■ The task: Make an exact transcript of the lines in the data below, starting with the one containing "为强化教师队伍建设、提升教师" and going on through the one containing "スタンプ説明 | 大人女子のためのかわいい花のリースのスタンプです。日常会話に最適です。 |", with both included and the pictures left out.

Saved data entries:
Start of Block

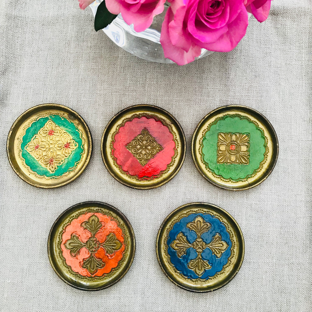 Set of Five Vintage Italian Florentine Coasters - Colour Mix
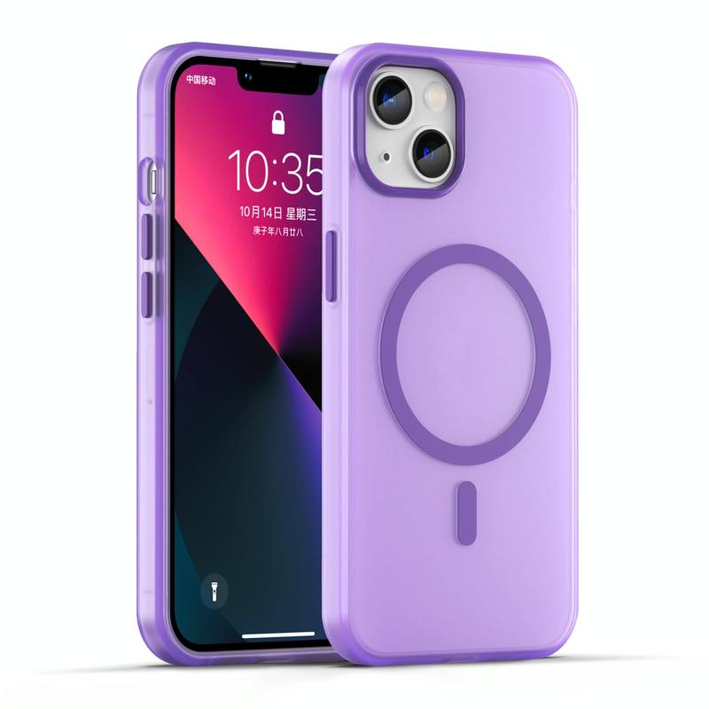 For iPhone 13 MagSafe Frosted Translucent TPU + PC Full Coverage Phone Case(Dark Purple)
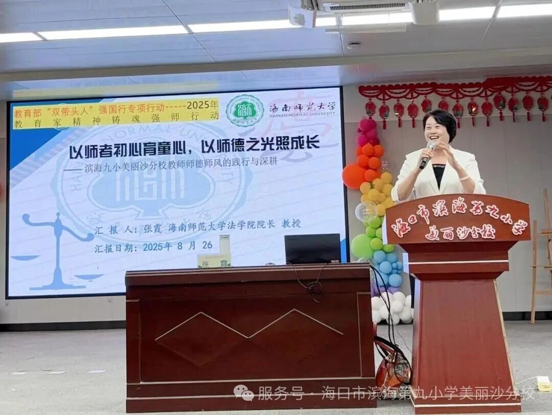 为强化教师队伍建设、提升教师职业道德素养、筑牢立德树人思想根基,2025年8月26日上午,海口市滨海第九小学美丽沙分校举办“以德立学,以德施教”师德师风培训活动。我院张霞教授应邀主讲,该校校领导及250余名教师参会,活动由陈青蔓老师主持。
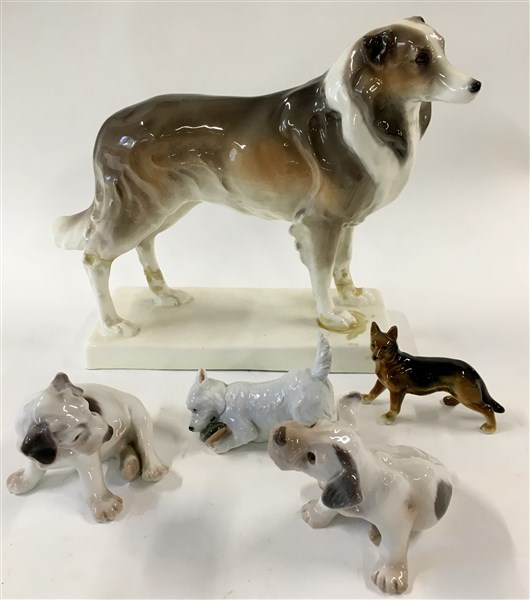 Manifattura danese. Lotto di cinque sculture in porcellana raffiguranti cani, m
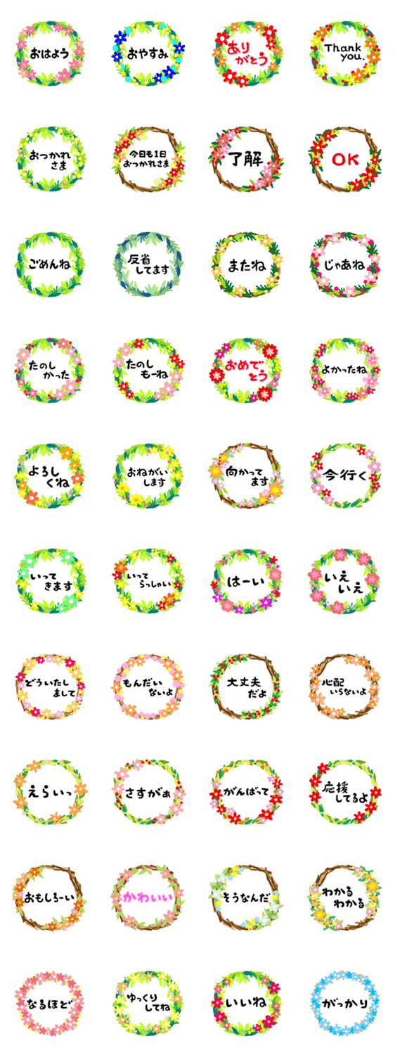 | スタンプ説明 | 大人女子のためのかわいい花のリースのスタンプです。日常会話に最適です。 |
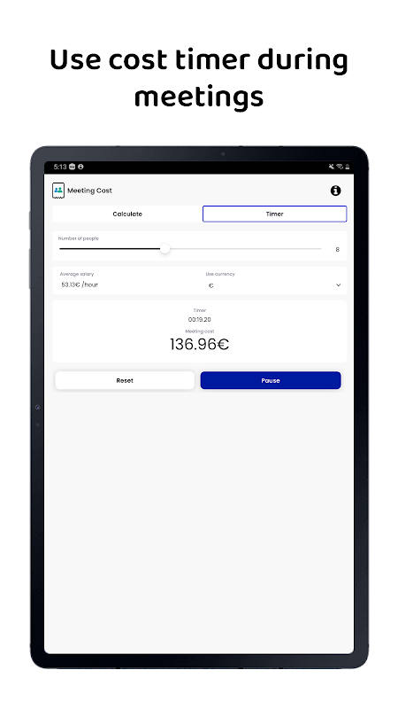 • Отслеживание расходов на собрания в режиме реального времени: наблюдайте, как затраты в реальном времени накапливаются во время собраний.
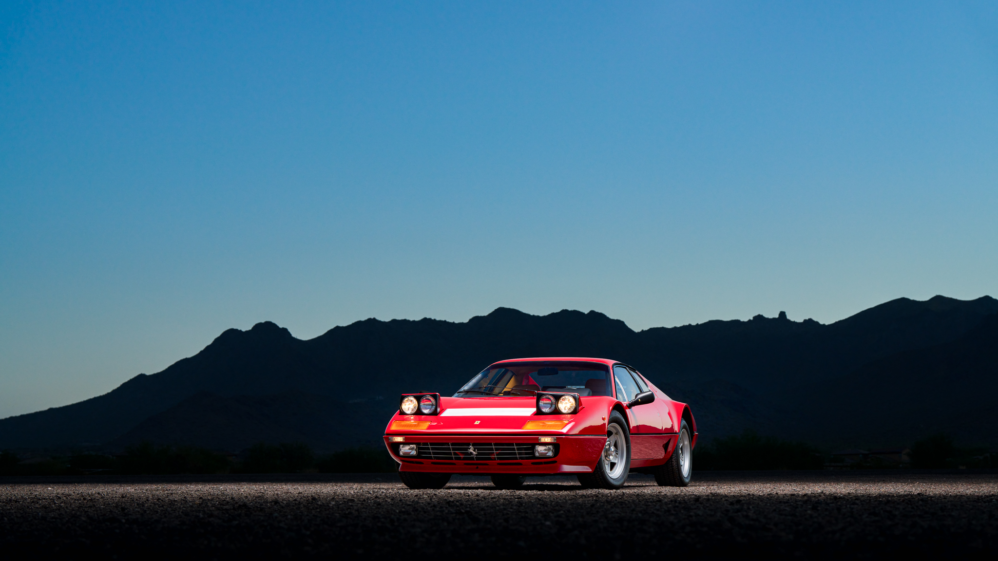 This example is finished in Rosso Corsa with matching lower panels and features pop-up headlights, fog lights, a front spoiler, NACA side ducts, and quad exhaust outlets.
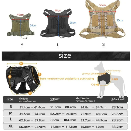 Adjustable Camouflage Tactical Nylon Dog Harness & Leash
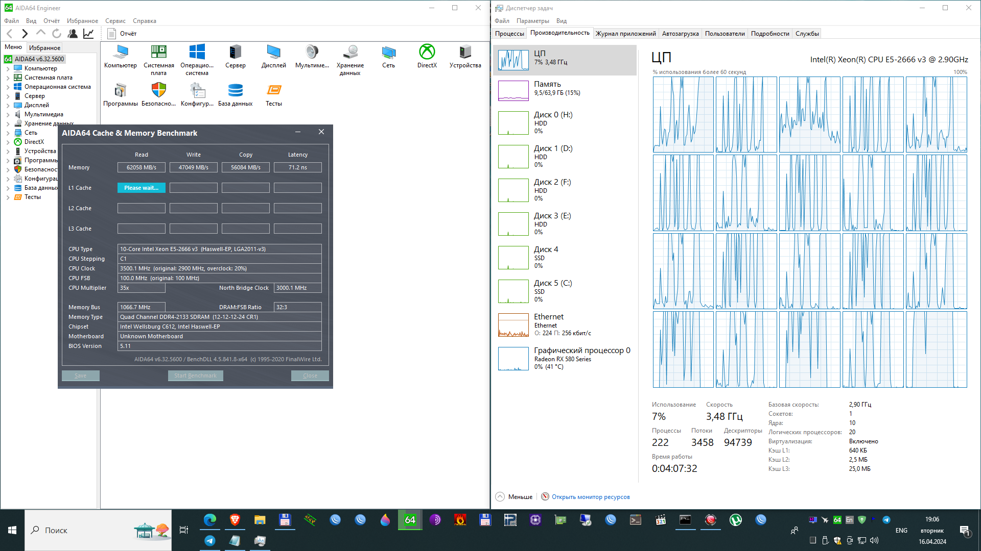 во время теста аида все ядра задействоаны
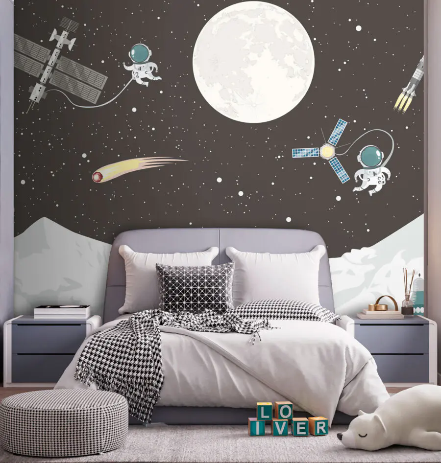 Deplasați-vă în spațiul cosmic de fiecare dată când intrați în cameră cu această pictură murală captivantă! Imaginați-vă o lună uriașă strălucind grațios și sateliți plutind în derivă prin cosmosul nesfârșit. Perfectă pentru a stârni imaginația, această pictură murală este ideală pentru camerele băieților, captând magia și misterul spațiului. Dacă ai visat vreodată să fii un astronaut care explorează lumi noi, această pictură murală te va face să te simți ca și cum ai fi la jumătatea drumului. Peisajul lunar accidentat și steaua căzătoare adaugă o notă de aventură și fantezie, făcându-l preferatul pasionaților de spațiu. Este ca și cum ai avea propria ta felie din univers chiar pe peretele tău. Pictați cerul cu vise și lăsați curiozitatea să zboare!

End of Block

■ Completed exercise:
 为强化教师队伍建设、提升教师职业道德素养、筑牢立德树人思想根基,2025年8月26日上午,海口市滨海第九小学美丽沙分校举办“以德立学,以德施教”师德师风培训活动。我院张霞教授应邀主讲,该校校领导及250余名教师参会,活动由陈青蔓老师主持。
 Manifattura danese. Lotto di cinque sculture in porcellana raffiguranti cani, m
 | スタンプ説明 | 大人女子のためのかわいい花のリースのスタンプです。日常会話に最適です。 |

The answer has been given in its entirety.